9. Sierra Nevada Pale Ale is the most universally admired product among American lovers of specialty beers. In its emphasis on hop aroma, its floweriness, its clean, lean malt background, and its digestibility and drinkability, it has set a style that is often described as American pale ale. The brewery was established on a shoestring in 1981 by partners with minimal experience. It has been run in a quietly single-minded manner and became the biggest micro.
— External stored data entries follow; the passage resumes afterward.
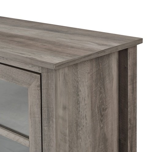 Modern Farmhouse-Door Glass Windowpane Fireplace TV Stand For TVs – Grey Wash
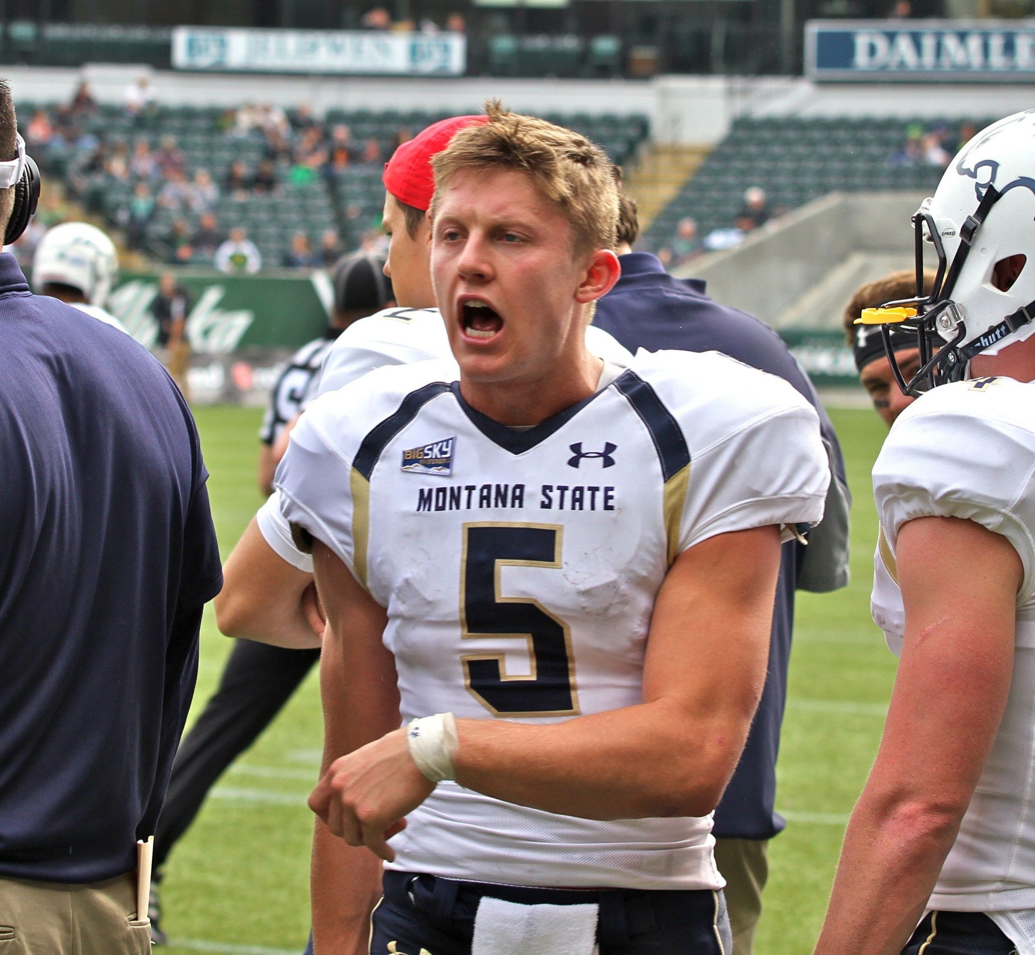 MSU quarterback Dakota Prukop motivates his team on the sideliens
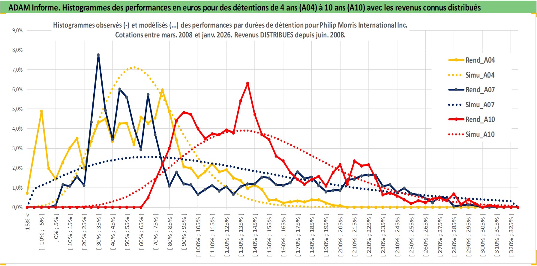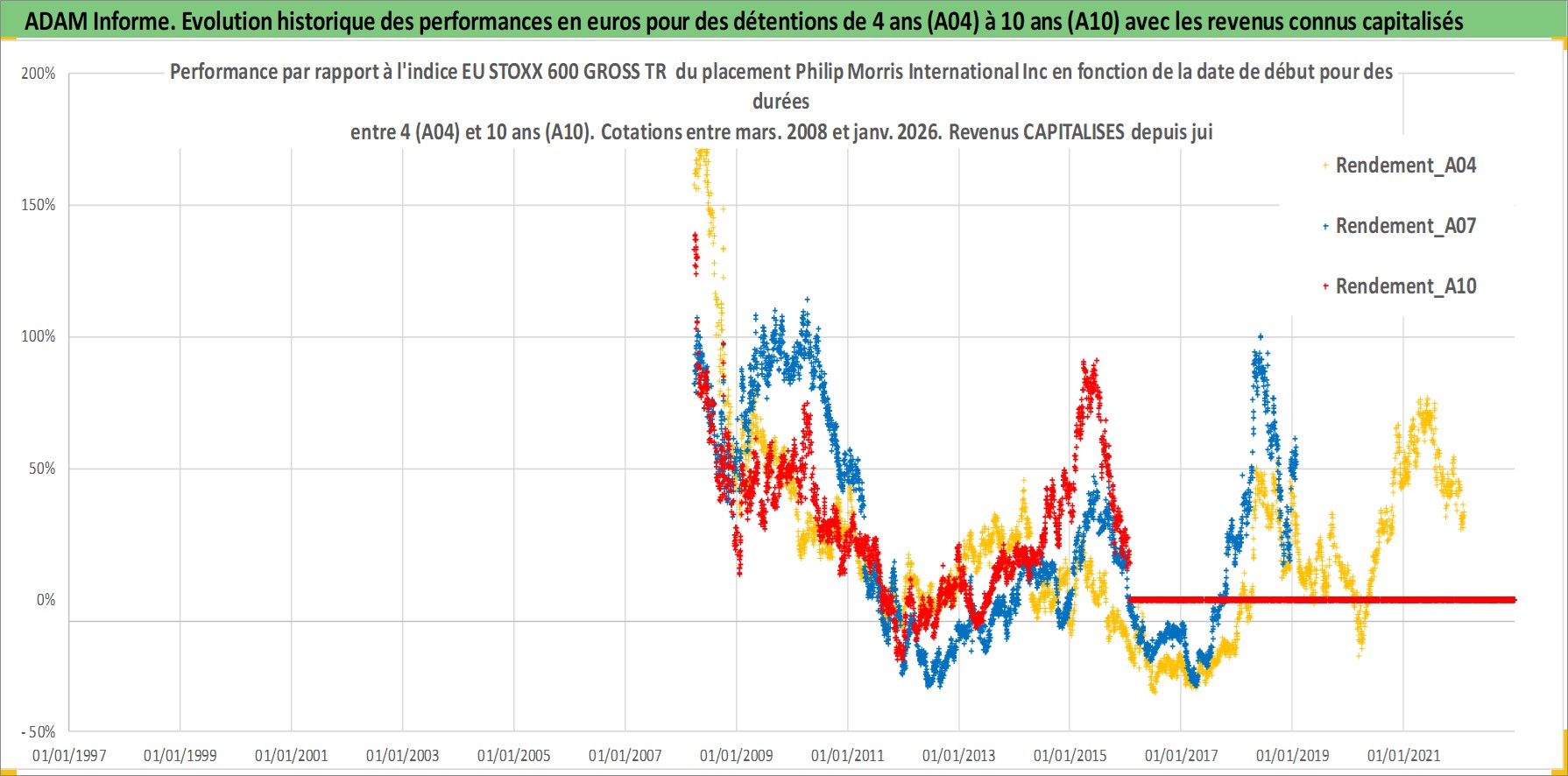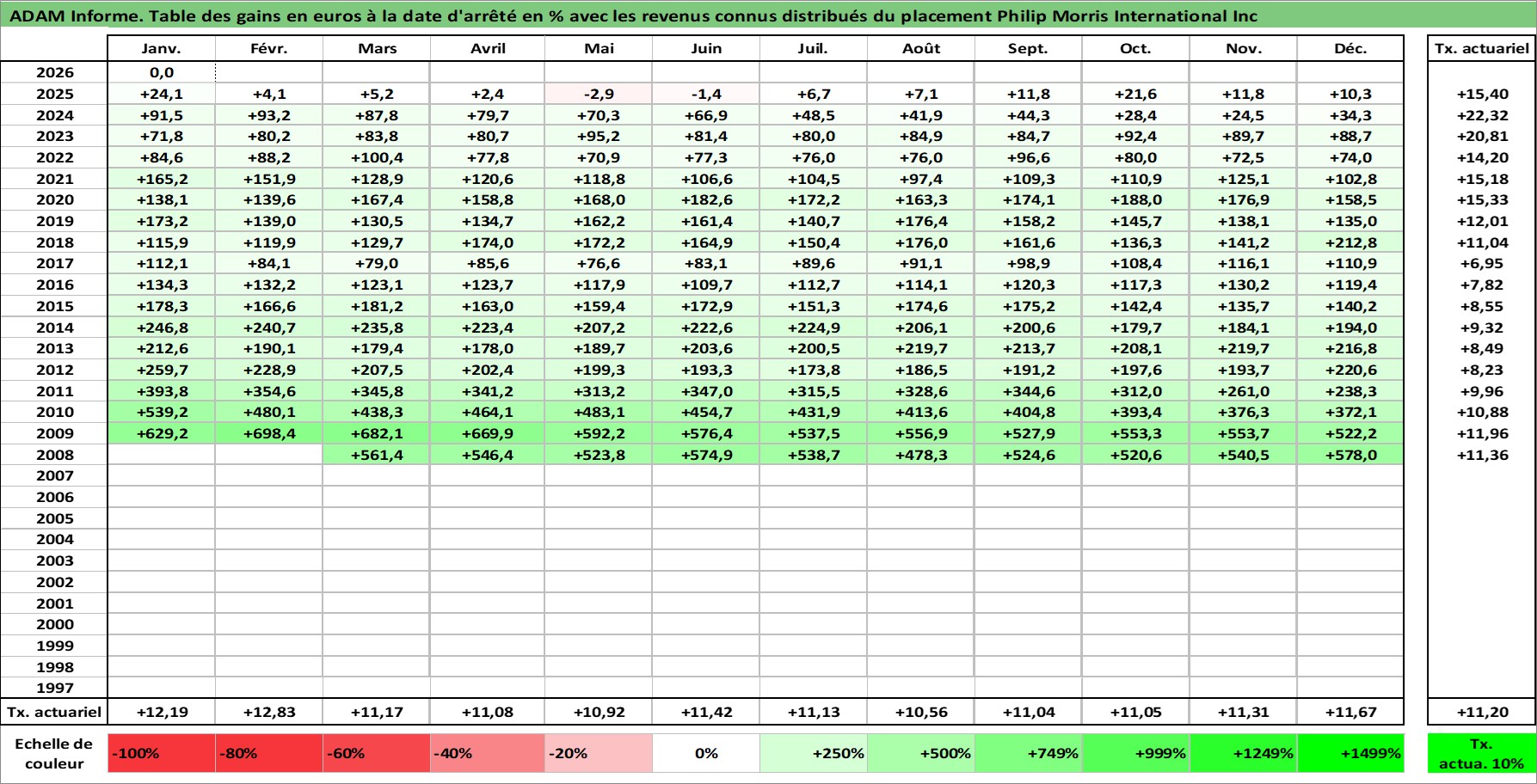 Site dédié aux investisseursPage dédiée sur site financeAnalyse des valorisations hebdomadaires de l'action Philip Morris International Inc. Cet actif est cote en USD. Les valorisations sont en contrevaleur EURO et couvrent les semaines 2008W12 a 2026W05. Les revenus de cet actif financier sont pris en compte depuis la semaine 2008W26. La note globale ESG de cet actif est estimee a 8.0 (apres rebasage entre 0 et 20).

10. BridgePort India Pale Ale. BridgePort, founded in 1984 as Columbia River Brewing, is the oldest pub-micro in Portland, Oregon, a great city of small beers. There are about 20 breweries here, more than in any other city worldwide. The Northwest especially favors very hoppy styles like India pale ales. This example has a lemony, grapefruity, resiny aroma; an oily palate, with suggestions of vanilla pod; and a rush of minty bitterness in the finish. No fewer than five hop varieties are used. Today’s American IPAs are typically far hoppier than those produced in Britain. Pale ales sent to the British Empire in India were given a heavy dose of hops as a preservative on the long sea journey.
An internationally recognized authority on beer and spirits, Michael Jackson has been chronicling the microbrewery movement from the beginning; his most recent book on beer is The Great Beer Guide.